Volume Bacula will want on Monday, ... The major change is a total revamp of the inner loop of the device reservation code following the algorithm proposed in a recent email. This appears to correct the problems of getting multiple autochanger drives running simultaneously, as well as several other reported problems.

perhaps I'll give it a try. But a little tale first.

We've got a HP 2/20 Library with 2 DLT-8000 drives. Our backup box is running
Debian GNU/Linux 3.0, Bacula 1.38.2 and 11 nodes. The system has gone into
production on Wednesday (with one drive) and tremendous success. Bacula is
really great.

To speed things up, I tried to activate the second drive on Thursday. I've
created a second pool and relabeled some tapes into that pool. Everything I've
found - regarding using multiple drives - says, that several pools are needed.
This were the configuration changes:

bacula-dir.conf:
Director {
   Maximum Concurrent Jobs = 2 (was 1)
}

Storage {
   Maximum Concurrent Jobs = 2 (was unset)
}

Job {} and Client {} have Maximum Concurrent Jobs unset

bacula-sd.conf:
Storage {
   Maximum Concurrent Jobs = 20 (unchanged)
}

I also put some nodes into that pool. This is what happend:

Job 1 (pool a) started to write on drive one. Job 2 (pool b) started to write
on drive two (the new one). Great. Then, job 1 finished and job three (pool a)
was started. At this time I noticed that job 2 seems to be stucked (written
blocks didn't increase any more).
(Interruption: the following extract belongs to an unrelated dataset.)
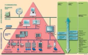 Phân cấp hiện trường: Bao gồm các thiết bị đo lường như cảm biến (sensor); bộ chuyển đổi tín hiệu đo lường (transducer); bộ truyền tín hiệu đo (transmiter)… và các thiết bị chấp hành như động cơ; biến tần và các bộ điều khiển động cơ ( motor, inverter, motor controller… ); van và các bộ điều khiển van (valve, valve controller)…
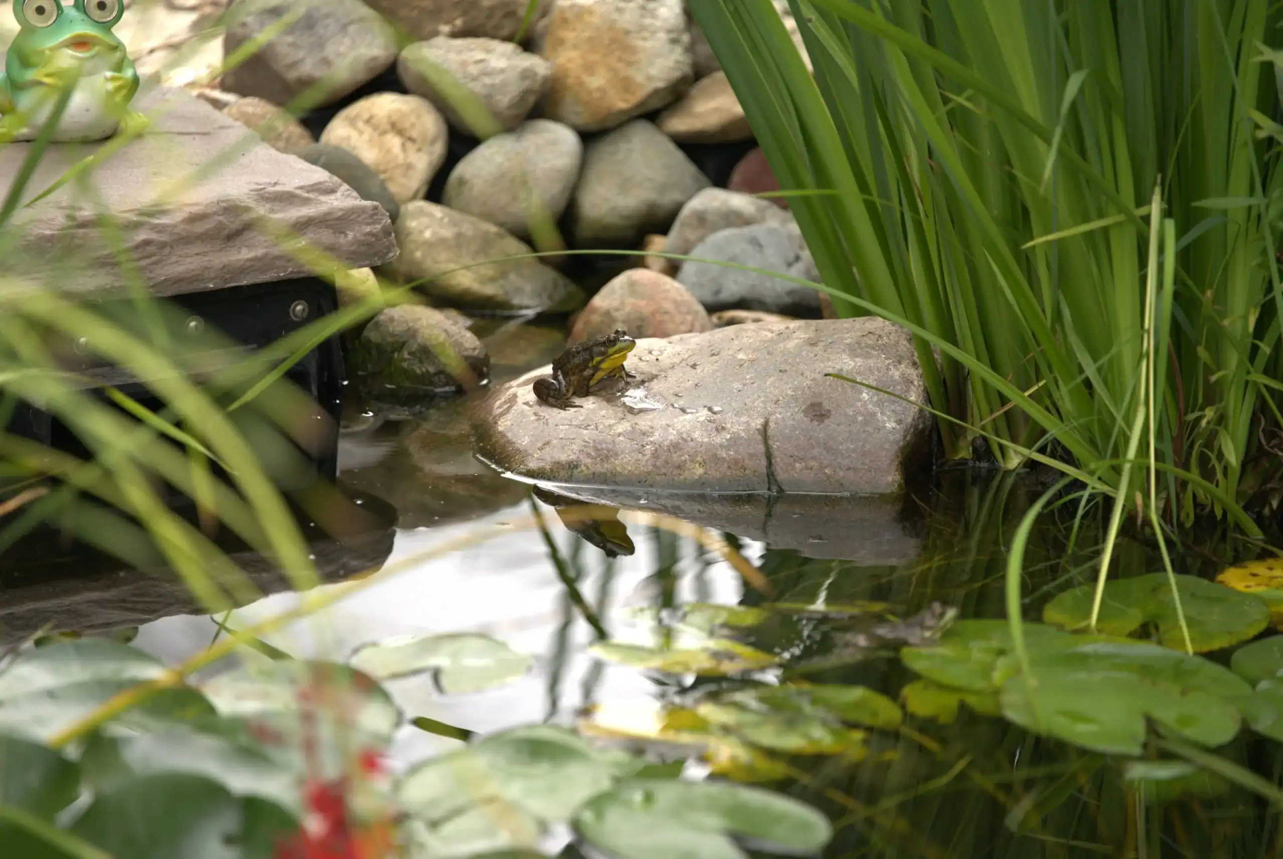 Green Acres decorative pond installation with stone edging, water plants, and frog statue ornament

A little bit later job 3 was also stucked.
After 20 minutes I tried to cancel the (still stucked) jobs without success.
Thus I stoppped bacula-dir and bacula-sd which leaves two bacula-sd processes
in status D behind. They couldn't be killed so I rebooted the box. This also
failed with a booted kernel saying that init couldn't find the root partition.
After a poweroff/on the box came up as usual.

My conclusion is that the second drive is faulty and blew up the SCSI bus
(see the kernel log at the end). Job 2 was stuck at 160 MB. In the meantime
job 1 finished writing 450 MB and job 3 was started. If I remember correctly,
job 3 was able to write 2.6 GB to drive one until it also got stucked. I don't
know if a faulty tape can rise up such an incedent.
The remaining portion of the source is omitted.